Top of Dataset extract

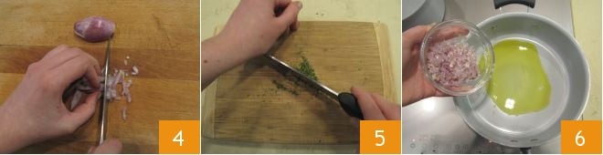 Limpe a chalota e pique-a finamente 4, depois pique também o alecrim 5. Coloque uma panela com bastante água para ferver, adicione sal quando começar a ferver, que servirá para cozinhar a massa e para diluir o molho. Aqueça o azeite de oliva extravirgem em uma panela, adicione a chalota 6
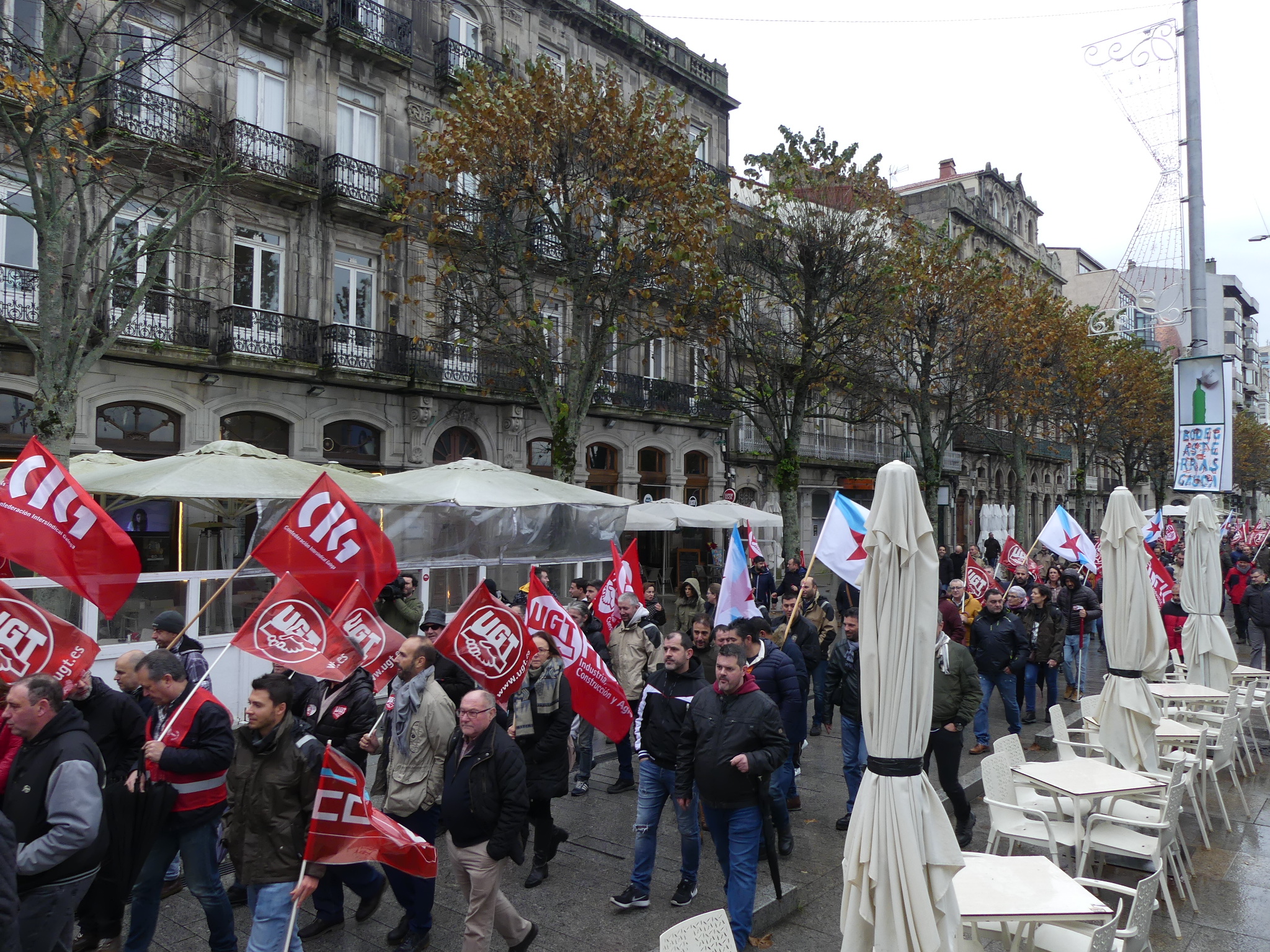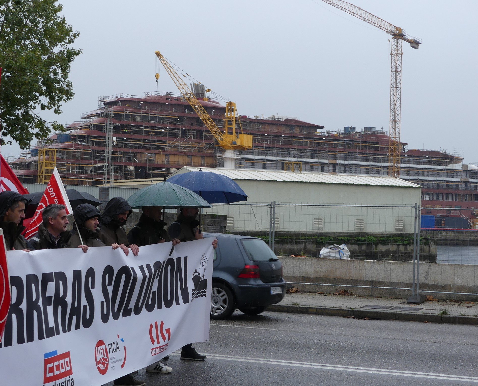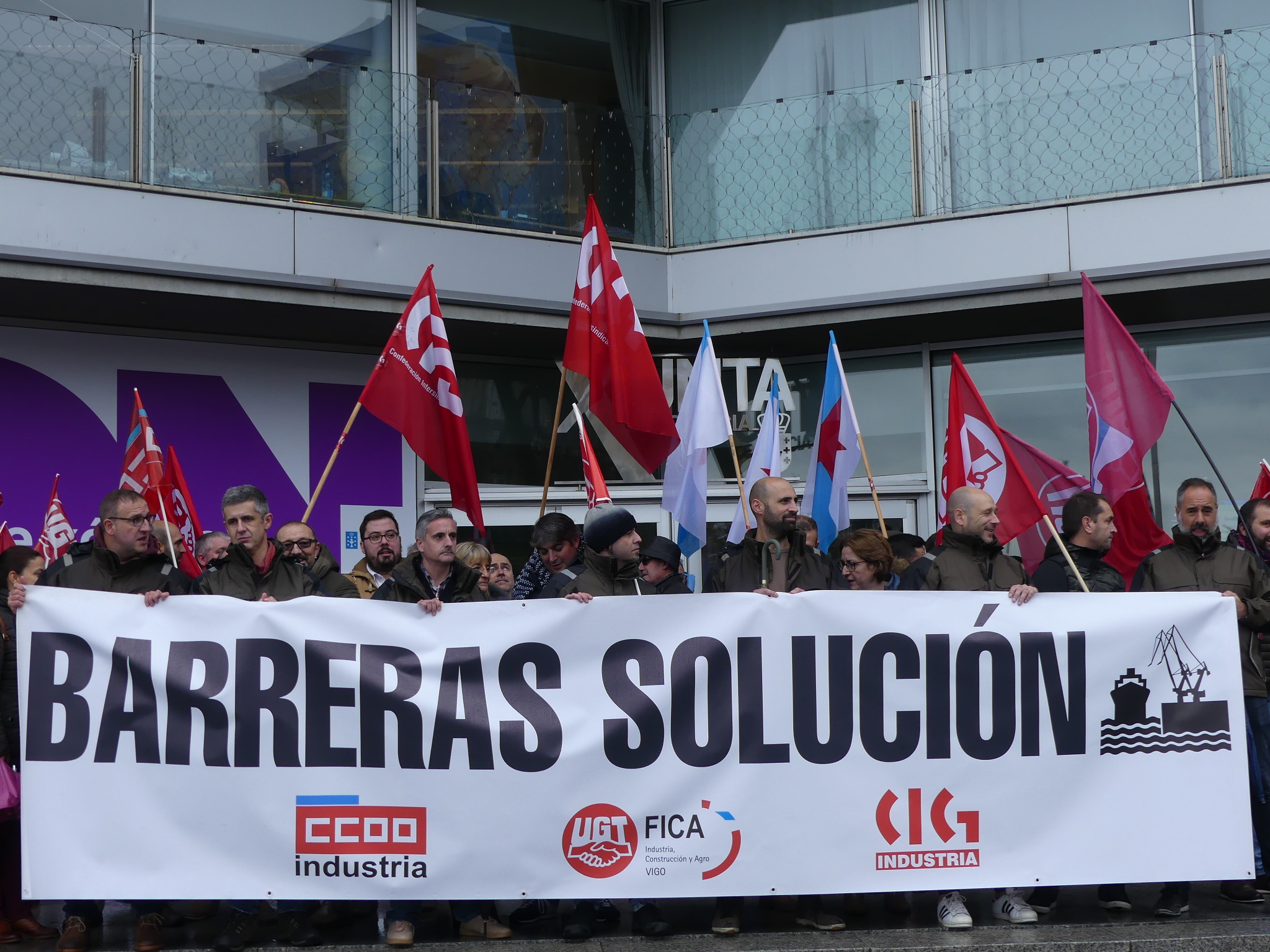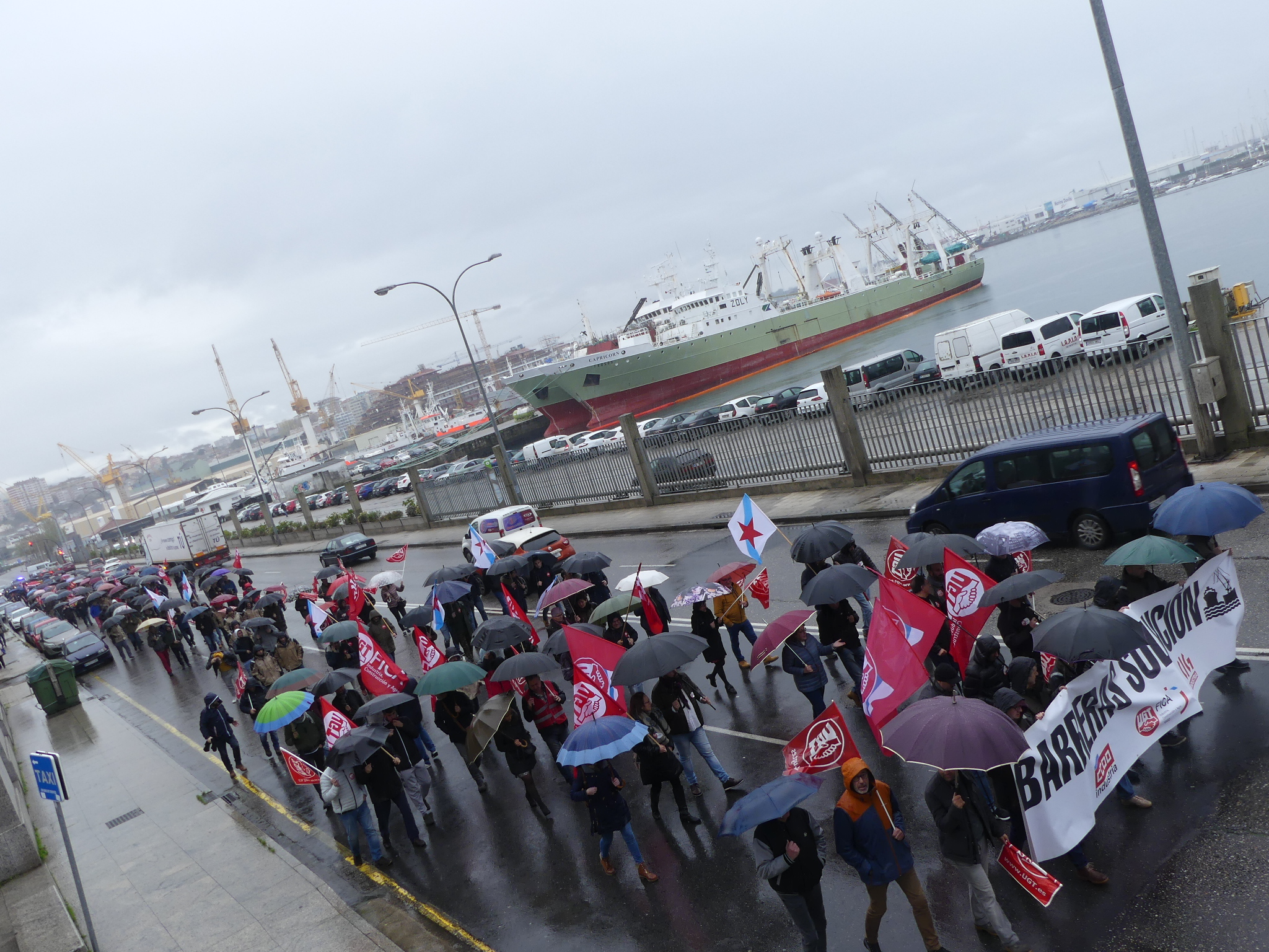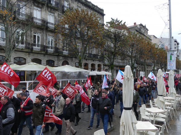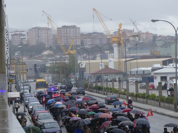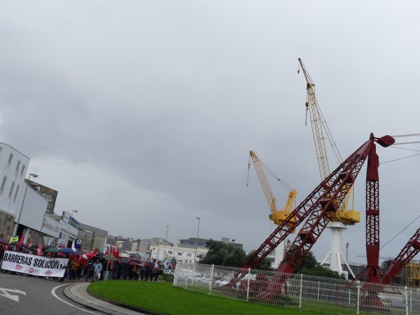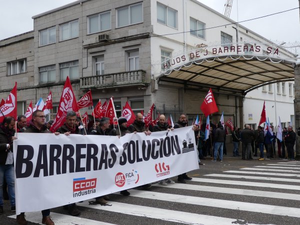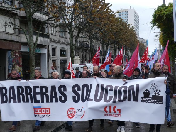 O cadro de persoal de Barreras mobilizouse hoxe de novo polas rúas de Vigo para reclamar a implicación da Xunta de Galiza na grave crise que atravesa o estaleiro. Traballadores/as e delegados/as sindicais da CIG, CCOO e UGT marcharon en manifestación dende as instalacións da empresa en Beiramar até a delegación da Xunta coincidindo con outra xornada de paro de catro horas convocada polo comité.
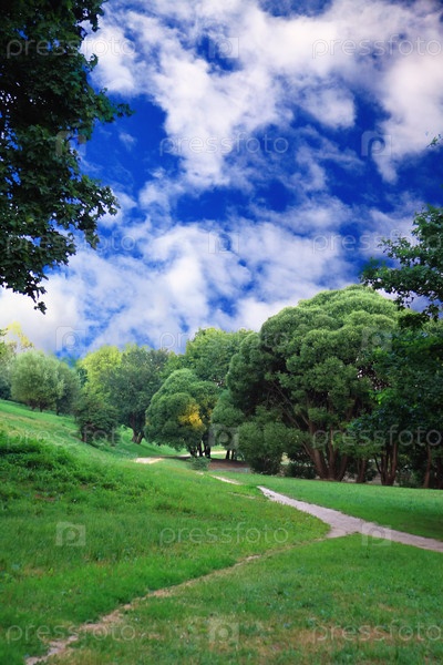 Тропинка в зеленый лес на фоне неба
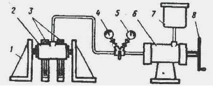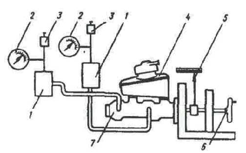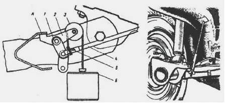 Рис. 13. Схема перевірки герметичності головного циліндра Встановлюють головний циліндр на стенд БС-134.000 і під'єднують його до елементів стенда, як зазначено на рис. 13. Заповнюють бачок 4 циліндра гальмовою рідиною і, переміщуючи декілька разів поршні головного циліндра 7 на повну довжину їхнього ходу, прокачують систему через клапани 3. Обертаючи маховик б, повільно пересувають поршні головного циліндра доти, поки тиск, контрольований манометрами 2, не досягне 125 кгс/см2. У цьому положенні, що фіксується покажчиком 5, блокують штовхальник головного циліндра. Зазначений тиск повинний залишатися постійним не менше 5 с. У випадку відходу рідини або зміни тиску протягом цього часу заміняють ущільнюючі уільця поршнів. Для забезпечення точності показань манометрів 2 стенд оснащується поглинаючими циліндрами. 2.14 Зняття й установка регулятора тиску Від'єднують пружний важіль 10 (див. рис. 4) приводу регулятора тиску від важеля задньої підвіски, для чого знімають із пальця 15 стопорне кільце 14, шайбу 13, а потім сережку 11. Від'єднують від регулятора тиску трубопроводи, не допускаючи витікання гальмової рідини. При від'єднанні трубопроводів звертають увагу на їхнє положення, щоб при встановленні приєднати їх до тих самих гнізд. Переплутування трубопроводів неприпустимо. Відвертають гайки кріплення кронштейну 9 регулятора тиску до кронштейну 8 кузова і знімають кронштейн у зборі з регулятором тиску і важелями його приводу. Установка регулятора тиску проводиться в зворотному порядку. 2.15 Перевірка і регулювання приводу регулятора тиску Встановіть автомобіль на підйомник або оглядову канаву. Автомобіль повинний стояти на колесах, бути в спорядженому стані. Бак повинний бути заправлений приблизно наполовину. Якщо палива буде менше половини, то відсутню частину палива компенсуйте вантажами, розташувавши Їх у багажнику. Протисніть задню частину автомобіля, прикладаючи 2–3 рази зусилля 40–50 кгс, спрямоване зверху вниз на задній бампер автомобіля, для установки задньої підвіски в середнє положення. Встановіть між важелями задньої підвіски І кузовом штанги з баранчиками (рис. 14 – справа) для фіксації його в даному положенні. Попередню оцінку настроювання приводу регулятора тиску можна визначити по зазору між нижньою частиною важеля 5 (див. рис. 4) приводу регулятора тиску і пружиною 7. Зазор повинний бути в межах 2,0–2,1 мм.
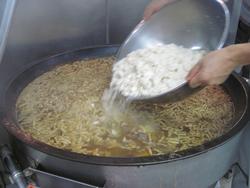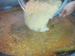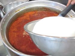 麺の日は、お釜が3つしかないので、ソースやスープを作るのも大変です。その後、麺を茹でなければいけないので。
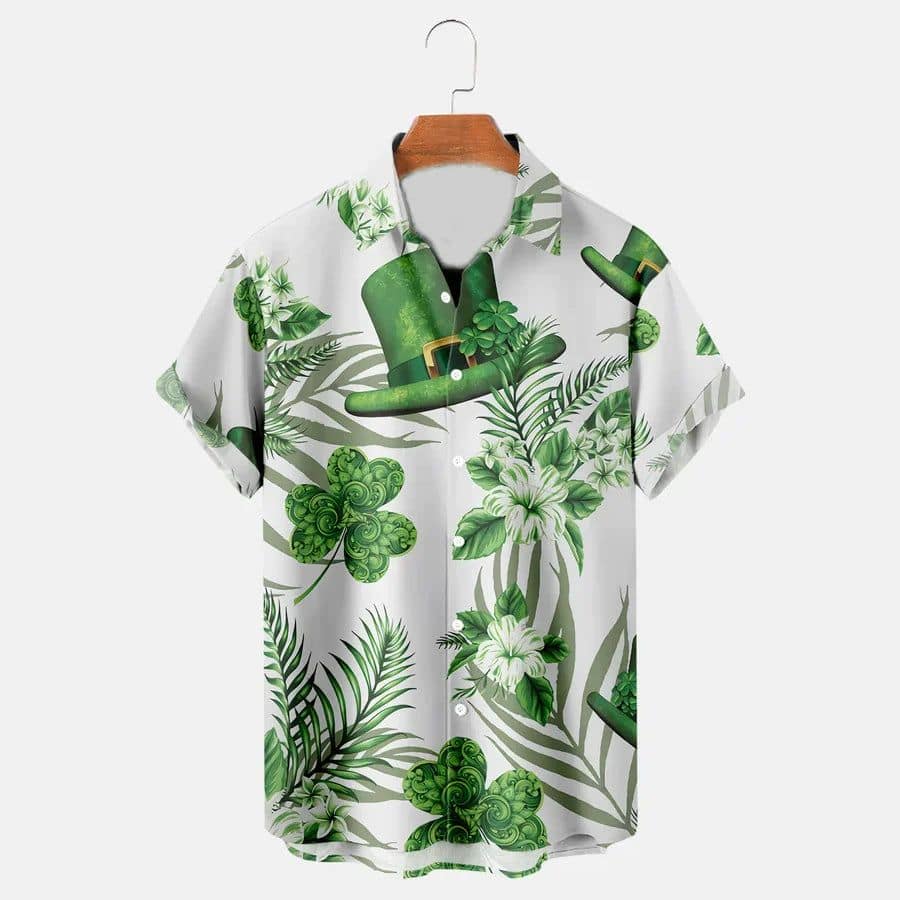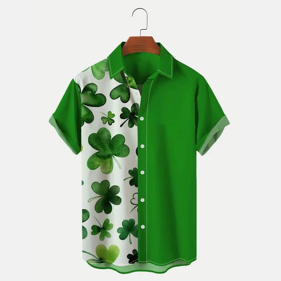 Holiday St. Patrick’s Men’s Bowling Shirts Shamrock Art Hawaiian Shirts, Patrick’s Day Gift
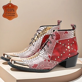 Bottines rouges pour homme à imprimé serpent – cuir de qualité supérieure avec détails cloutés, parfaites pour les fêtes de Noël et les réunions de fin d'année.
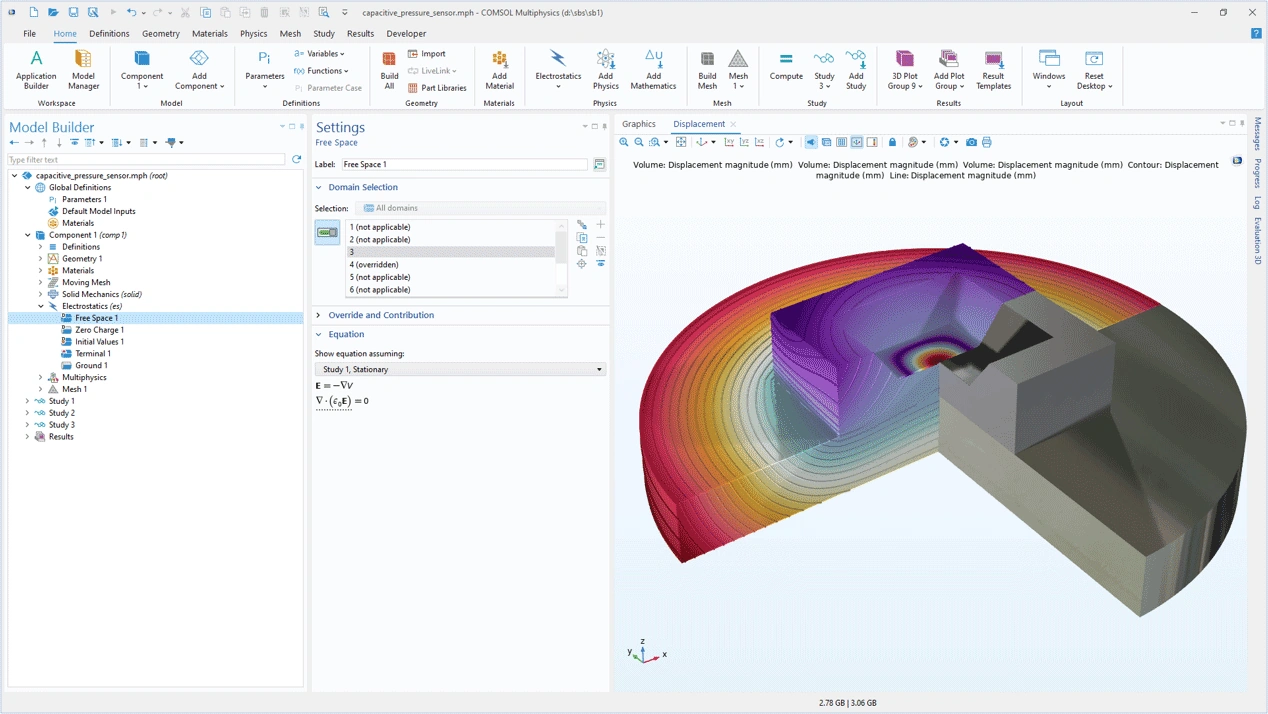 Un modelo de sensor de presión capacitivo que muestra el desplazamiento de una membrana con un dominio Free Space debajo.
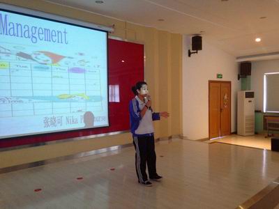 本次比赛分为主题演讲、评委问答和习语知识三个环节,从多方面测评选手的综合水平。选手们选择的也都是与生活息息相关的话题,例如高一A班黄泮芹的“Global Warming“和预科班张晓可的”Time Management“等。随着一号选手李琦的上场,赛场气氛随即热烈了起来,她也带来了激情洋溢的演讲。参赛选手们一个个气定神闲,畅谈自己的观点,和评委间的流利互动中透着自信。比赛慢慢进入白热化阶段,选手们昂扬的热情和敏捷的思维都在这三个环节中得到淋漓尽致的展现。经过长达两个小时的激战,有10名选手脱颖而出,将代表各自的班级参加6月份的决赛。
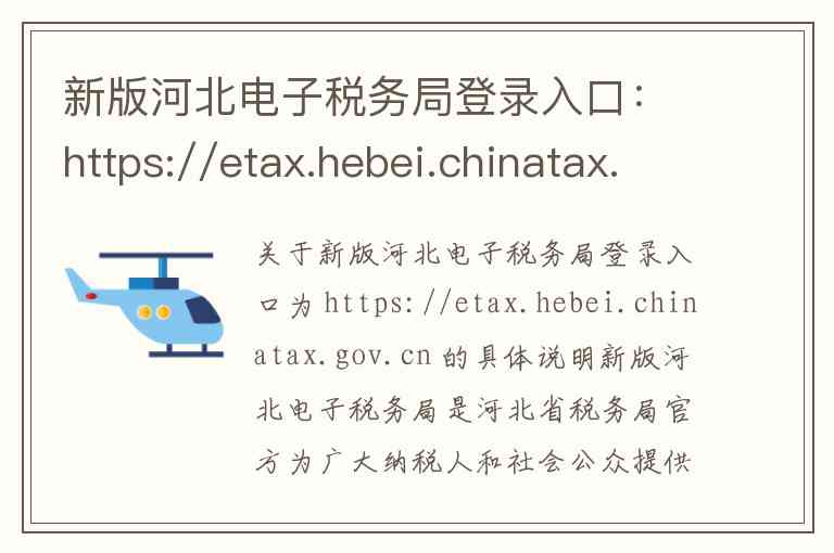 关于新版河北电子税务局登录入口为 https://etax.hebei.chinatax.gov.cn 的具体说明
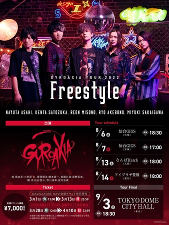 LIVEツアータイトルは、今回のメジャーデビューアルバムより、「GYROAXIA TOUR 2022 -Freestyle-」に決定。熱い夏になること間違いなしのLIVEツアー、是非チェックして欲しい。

Bottom of Dataset extract

Above are the records; restate exactly the lines from the one containing "麺の日は、お釜が3つしかない" through the one containing "Holiday St. Patrick’s", keeping pictures out.

- [Task output]
 麺の日は、お釜が3つしかないので、ソースやスープを作るのも大変です。その後、麺を茹でなければいけないので。
 Holiday St. Patrick’s Men’s Bowling Shirts Shamrock Art Hawaiian Shirts, Patrick’s Day Gift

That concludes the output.